There is increasing use of HR-OCT for the diagnosis and monitoring of clinical and subclinical OSSN lesions. Topical pharmacotherapy agents, including interferon α−2b, 5-fluorouracil, and mitomycin C, have demonstrable efficacy in the treatment of OSSN and their use may be dictated based upon tumor factors, patient factors, cost, and side effect profile. Both surgical excision and adjunctive topical medications have excellent success, with the favored treatment method trending towards topical pharmacotherapy as primary therapy.

Introduction

Ocular surface squamous neoplasia (OSSN) is a term that encompasses the spectrum of conjunctival epithelial malignancies from mild, moderate, and severe conjunctival epithelial dysplasia, carcinoma in situ, to invasive squamous cell carcinoma (SCC) [1]. It most frequently occurs at the corneoscleral limbus and exposed areas of bulbar conjunctiva [2]. The incidence of OSSN has been reported to range from 0.13 to 1.9 per 100,000 persons, with higher incidence in equatorial regions and in older white males [3, 4]. In the past, surgical excision has been the most widely accepted treatment modality but recently there has been a transition to topical treatment with chemotherapy and immunomodulatory agents. The aim of this review is to report on the most recent trends in the detection and management of OSSN.

Methods

A search of the MEDLINE database was performed using the keywords “ocular surface squamous neoplasia”, “conjunctival carcinoma in situ”, “squamous conjunctival carcinoma”, and “conjunctival intraepithelial neoplasia”. All reports published in English up to May 2020 were included. This article is based on previously conducted studies.
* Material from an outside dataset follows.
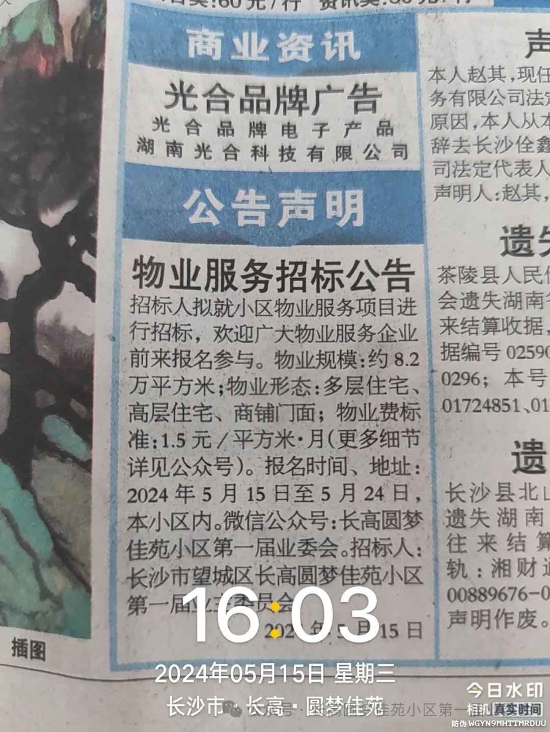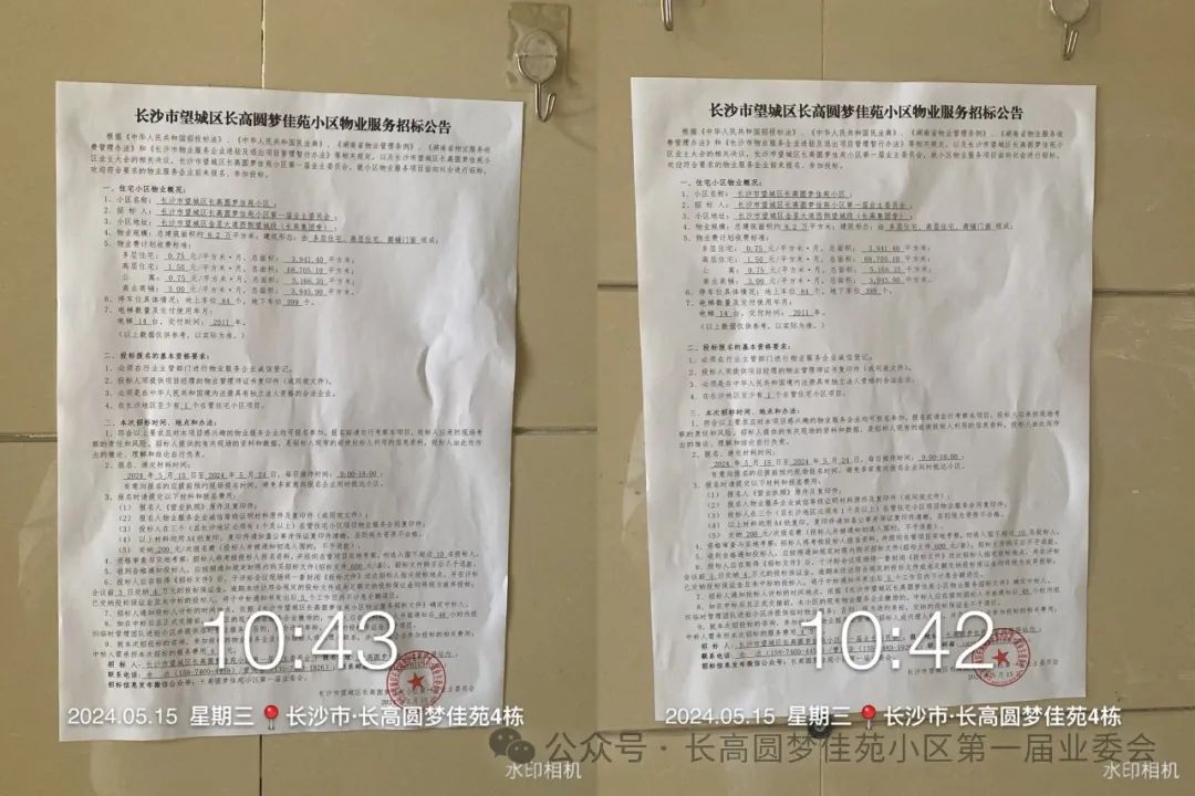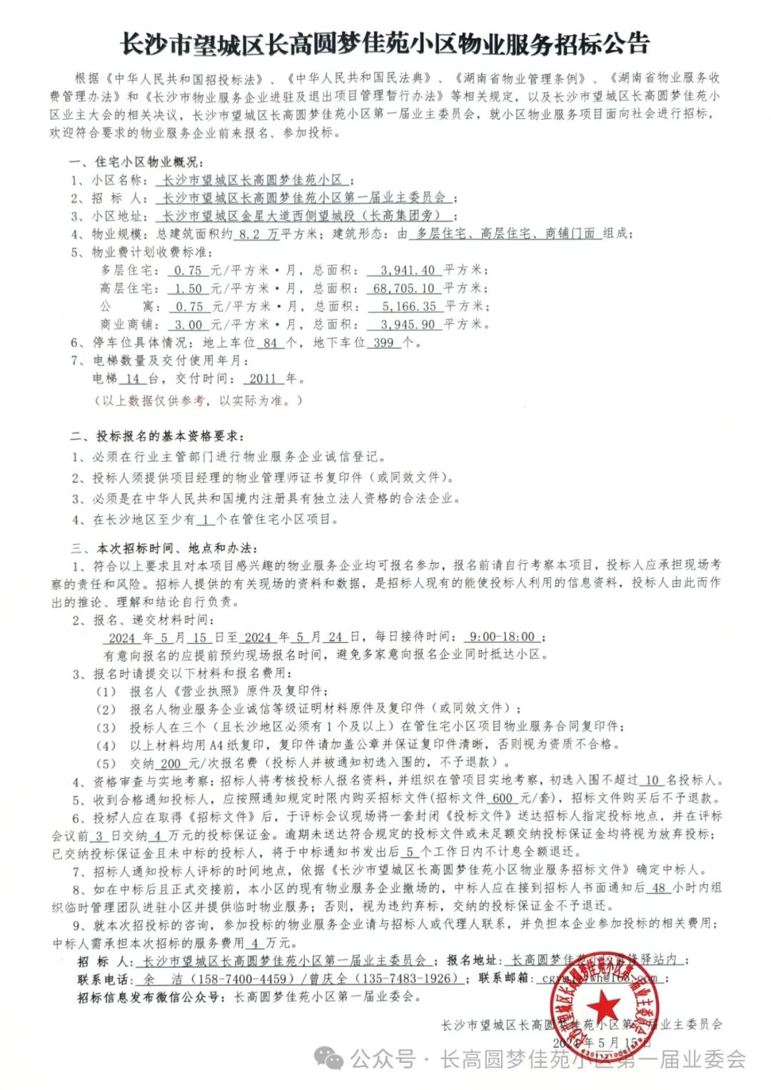 根据《中华人民共和国招投标法》、《中华人民共和国民法典》、《湖南省物业管理条例》、《湖南省物业服务收费管理办法》和《长沙市物业服务企业进驻及退出项目管理暂行办法》等相关规定,以及长沙市望城区长高圆梦佳苑小区业主大会的相关决议,长沙市望城区长高圆梦佳苑小区第一届业主委员会,就小区物业服务项目面向社会进行招标,欢迎符合要求的物业服务企业前来报名、参加投标。2、招 标 人: 长沙市望城区长高圆梦佳苑小区第一届业主委员会 ;3、小区地址: 长沙市望城区金星大道西侧望城段(长高集团旁) ;4、物业规模:总建筑面积约 8.2 万平方米;建筑形态:由 多层住宅、高层住宅、商铺门面 组成;多层住宅: 0.75 元/平方米·月,总面积: 3,941.40 平方米;高层住宅: 1.50 元/平方米·月,总面积: 68,705.10 平方米;公 寓: 0.75 元/平方米·月,总面积: 5,166.35 平方米;商业商铺: 3.00 元/平方米·月,总面积: 3,945.90 平方米。6、停车位具体情况:地上车位 84 个,地下车位 399 个。2、投标人须提供项目经理的物业管理师证书复印件(或同效文件)。3、必须是在中华人民共和国境内注册具有独立法人资格的合法企业。1、符合以上要求且对本项目感兴趣的物业服务企业均可报名参加,报名前请自行考察本项目,投标人应承担现场考察的责任和风险。招标人提供的有关现场的资料和数据,是招标人现有的能使投标人利用的信息资料,投标人由此而作出的推论、理解和结论自行负责。 2024 年 5 月 15 日至 2024 年 5 月 24 日,每日接待时间: 9:00-18:00 ;有意向报名的应提前预约现场报名时间,避免多家意向报名企业同时抵达小区。(2) 报名人物业服务企业诚信等级证明材料原件及复印件(或同效文件);(3) 投标人在 3 个(且长沙地区必须有1个及以上)在管住宅小区项目物业服务合同复印件;(4) 以上材料均用A4纸复印,复印件请加盖公章并保证复印件清晰,否则视为资质不合格。(5) 交纳 200 元/次报名费(投标人并被通知初选入围的,不予退款)。4、资格审查与实地考察:招标人将考核投标人报名资料,并组织在管项目实地考察,初选入围不超过 10 名投标人。5、收到合格通知投标人,应按照通知规定时限内购买招标文件(招标文件 600 元/套),招标文件购买后不予退款。6、投标人应在取得《招标文件》后,于评标会议现场将一套封闭《投标文件》送达招标人指定投标地点,并在评标会议前 3 日交纳 4 万元的投标保证金。逾期未送达符合规定的投标文件或未足额交纳投标保证金均将视为放弃投标;已交纳投标保证金且未中标的投标人,将于中标通知书发出后 5 个工作日内不计息全额退还。8、如在中标后且正式交接前,本小区的现有物业服务企业撤场的,中标人应在接到招标人书面通知后 48 小时内组织临时管理团队进驻小区并提供临时物业服务;否则,视为违约弃标,交纳的投标保证金不予退还。9、就本次招投标的咨询,参加投标的物业服务企业请与招标人或代理人联系,并负担本企业参加投标的相关费用;中标人需承担本次招标的服务费用 4 万元。招 标 人: 长沙市望城区长高圆梦佳苑小区第一届业主委员会 ;联系电话: 余洁(158-7400-4459)或曾庆全(135-7483-1926);联系邮箱: cgymjyywh@163.com ;招标信息发布微信公众号:长高圆梦佳苑小区第一届业委会。

Risk Factors and Pathogenesis

Risk factors for the development of OSSN include cigarette smoking, ultraviolet (UV) light exposure, vitamin A deficiency, chronic trauma or inflammation, systemic and local immunosuppression [5–7]. Non-modifiable risk factors include male gender and age [8–10]. A longitudinal study published in the United States reported that American men have a 12-fold higher incidence rate than American women [11]. Conversely, in African populations OSSN prevalence peaks at a relatively younger age and there is no gender predilection [12, 13].

Human immunodeficiency virus (HIV) seropositivity and human papilloma virus (HPV)-related diseases are also strongly associated with OSSN [14–18]. HPV infection, which is associated with inhibition of the tumor-suppressor protein retinoblastoma (Rb), may potentiate UV radiation-related DNA damage with the formation of pyrimidine dimers and epigenetic changes in p16 gene promoter [19]. HIV seropositivity may potentially act as an enhancer or confounder of HPV carcinogenicity [20]. For example, Ateenyi-Agaba and colleagues detected HPV types in nearly half of OSSN cases in HIV-positive patients, but rarely in HIV-negative patients [18].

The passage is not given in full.